Tax fairness proponents call for eliminating all tax loopholes. At the same time, some merely support a minimum corporate tax or say that what firms pay in taxes should be determined by the needs of the communities in which they operate. This discussion will gather momentum during the next months and years as stakeholders call for more corporate accountability in tax contributions and other forms of community assistance.
Increasingly Difficult To Engage In Political Engagement
The Conference Board with the National Association of Business Political Action Committees conducted a recent survey. They found that 87 percent of corporate government relations executives believe that corporate political activity will be at least as difficult in 2022 and that 42 percent believe it will be more difficult.

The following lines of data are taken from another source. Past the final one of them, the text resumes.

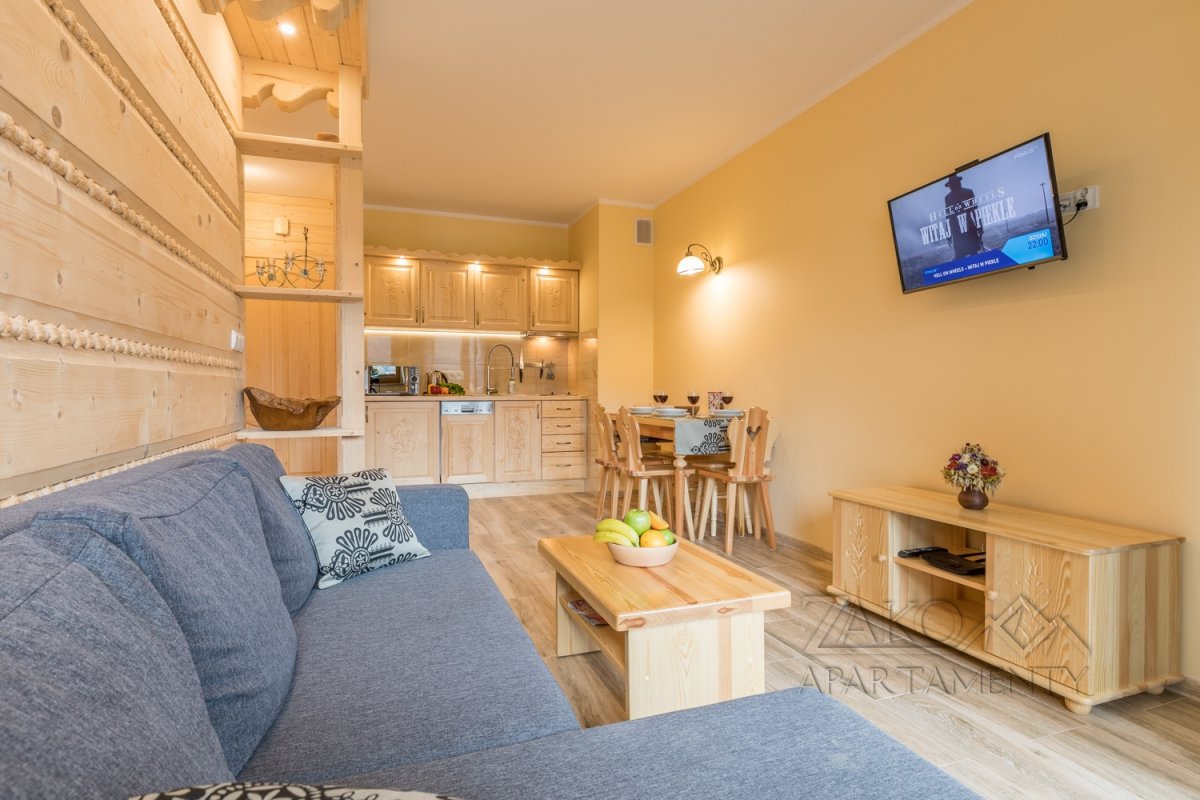 Z dwóch BALKONÓW rozpościera się przepiękny widok na GIEWONT. Stylowo urzadzone drewniane wnętrze pozostawia niepowtarzalne wrażenia po spędzeniu czasu w atmosferze zakopiańskiego stylu. Przestronny apartament daje komfort wypoczynku rodzinie z dziećmi lub grupie zaprzyjaźnionych osób.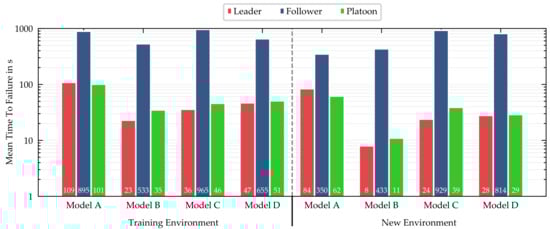 Free driving: The MTTF results are summarized in Figure 8, separated into model (A–D), scenario (leader, follower, platoon), and environment. In case the failure was caused by casual confusion, the TTF was taken at the moment the vehicle stopped. The MTTF results confirm the ACR results of the point-to-point routes, with minor exceptions. We limited the maximum TTF per episode to 1440 s; however, the longest episode without failure for the following vehicle lasted close to one hour and covered nearly 14 km of autonomous driving before it was stopped manually.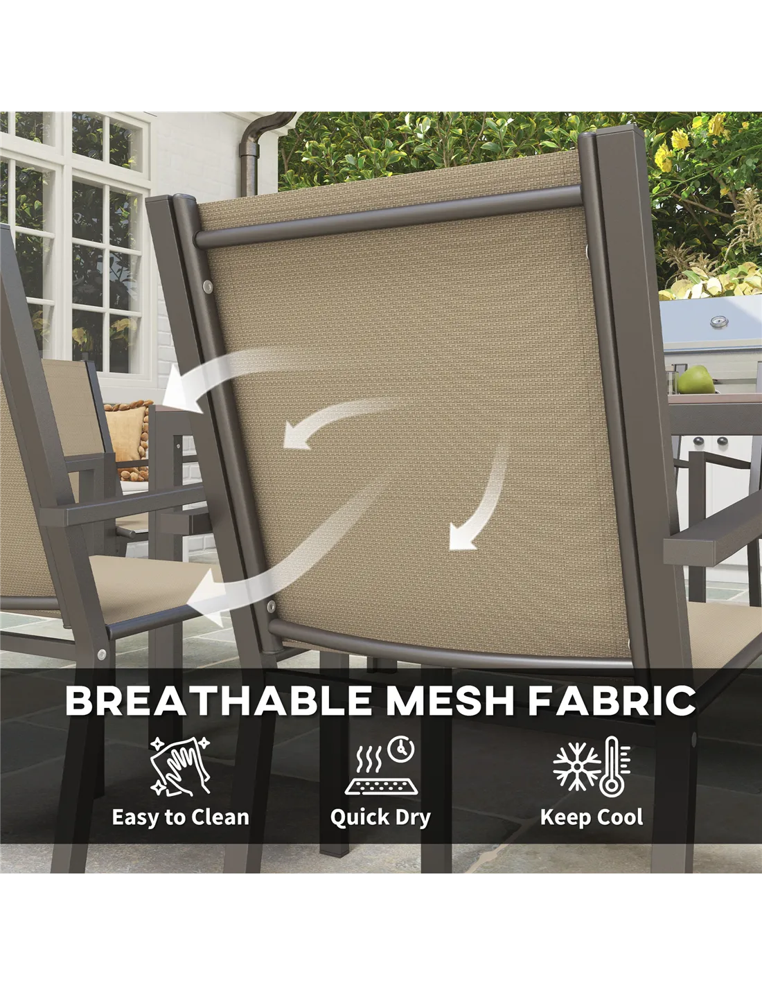 The Outsunny seven-piece garden dining set is perfect for a variety of outdoor occasions. Whether hosting a casual breakfast on the patio, a relaxed brunch with friends, or an evening dinner under the stars, this set comfortably accommodates six guests. Its robust plastic wood-top table and powder-coated steel frame make it ideal for UK gardens, terraces, or conservatories, blending rustic charm with practical durability. Stackable chairs allow for easy storage when not in use, making it suitable for smaller outdoor spaces or seasonal use. Consider pairing it with weatherproof cushions or a protective cover to enhance comfort and longevity.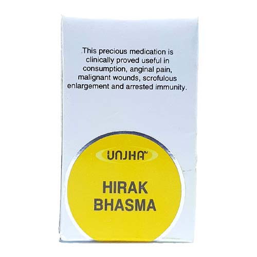 Its a natural Ayurveda product. Hirak bhasma is prepared from the most valuable and hardest substance that is diamond. It is traditionally believed to provide strength and immunity to the body. Hirak bhasm is well known for its action of the muscles of the heart and it also helps to improve general weakness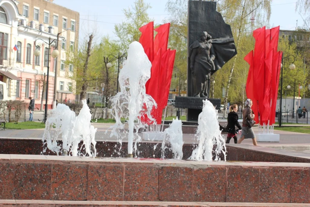 Пока не работает фонтан на площади Победы, так как изваяние Родины-матери украшают 30-метровыми георгиевскими лентами.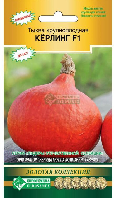 Тыква — это бахчевая культура с уникальным витаминным составом и низкой калорийностью. Этот овощ, плод которого ботаники называют ягодой, в России считается одним из любимых огородных растений. Важной кулинарной особенностью тыкв считается их способность почти полностью сохранять свои полезные свойства и после термической обработки. Керлинг F1 - среднеспелый гибрид крупноплодной тыквы с отличными вкусовыми качествами красивых плодов. Рекомендуется для выращивания в открытом грунте. Это порционная тыква для личного применения, реализации на рынке и в торговых сетях. Отлично подходит для всех видов термической обработки: запекания, тушения, заморозки, использования в качестве горшочка для приготовления вторых блюд. Плоды массой 1,5-2 кг плоско округлые, темно-оранжевые, которые могут храниться до 180 дней. Мякоть желтая, средней толщины, хрустящая, сочная. Растение формирует длинные побеги.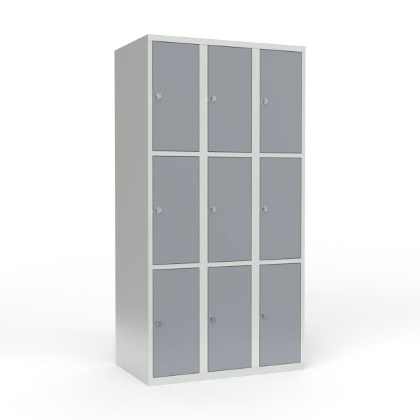 Skoleskab 3x300 Lige tag 3 rum i højden Grå ståldør Greb for hængelås
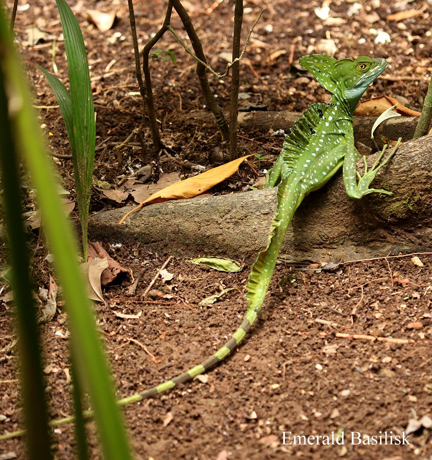 Tomoko konnte es gar nicht erwarten, nahm ihre Kamera und machte eine erste Runde in die nähere Umgebung. Ich war ziemlich verschwitzt, deshalb ging ich zunächst mal unter die Dusche, dann folgte ich auch. Als ich nach einer Viertelstunde zurück kam, saß Tomoko schon auf der Veranda und zeigte mir einige tolle Fotos von einem Emerald Basilisk. |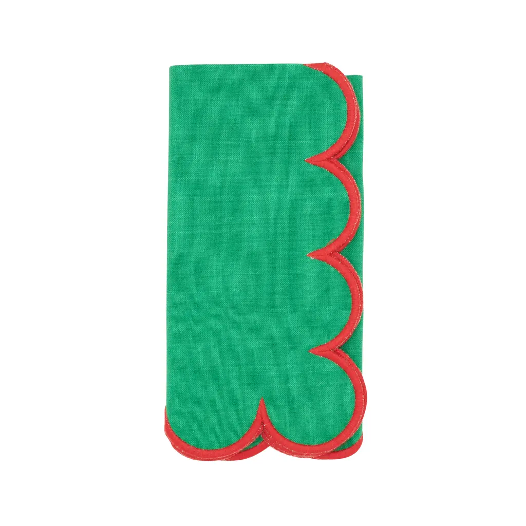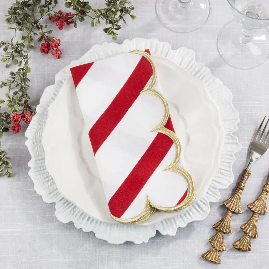Candy Stripe Scalloped Napkin, Set Of 4 - Green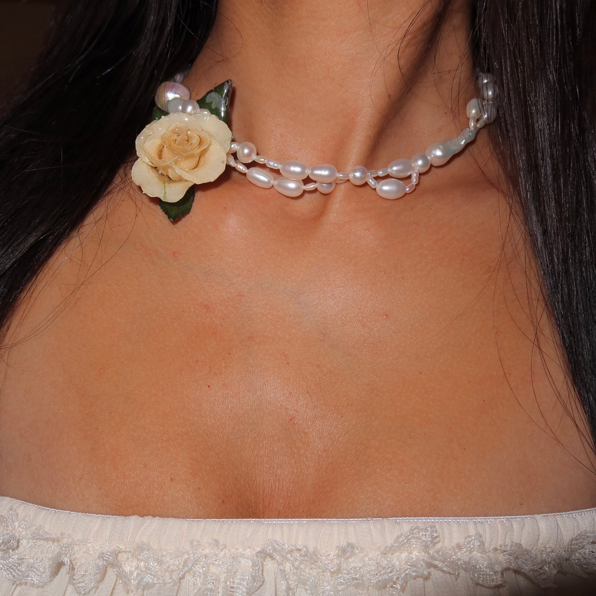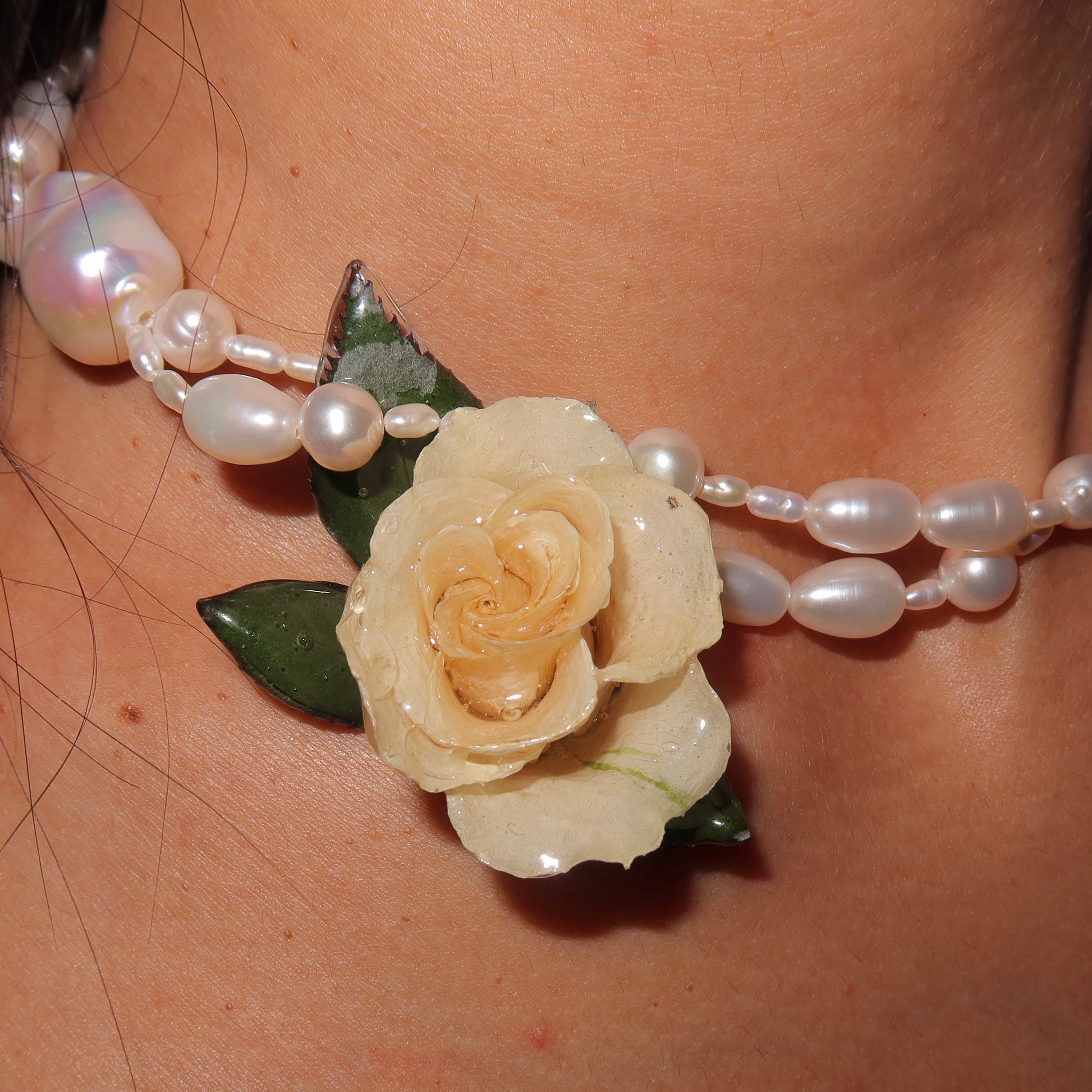 Collar de rosa pequeña previamente seca y posteriormente encapsulada en resina, collar compuesto en su totalidad por perlas semipreciosas de calidad AA y AAA, cierre de plata 925.

Companies are bracing to continue "hot button" issues in this midterm election year, particularly at the state level. According to 77% of respondents, one of the key causes of this dilemma is the frequent appearance of social and political topics on which businesses are compelled to take a stance. In addition, the Federal Elections Commission and the Biden Administration are expected to impose limitations on corporate political involvement during this election year, according to sources.
Conclusion
Corporations' ability to modify their environmental, social, and governance policies in response to these increased difficulties will decide whether companies are deemed leaders in this industry rather than followers or laggards. Companies will be required to continue to improve rather than rely on previous pledges and commitments as the bar is moved higher and higher with every passing year. In order to propel their organizations ahead in the new normal, the leaders of these institutions will need to develop their own thinking constantly.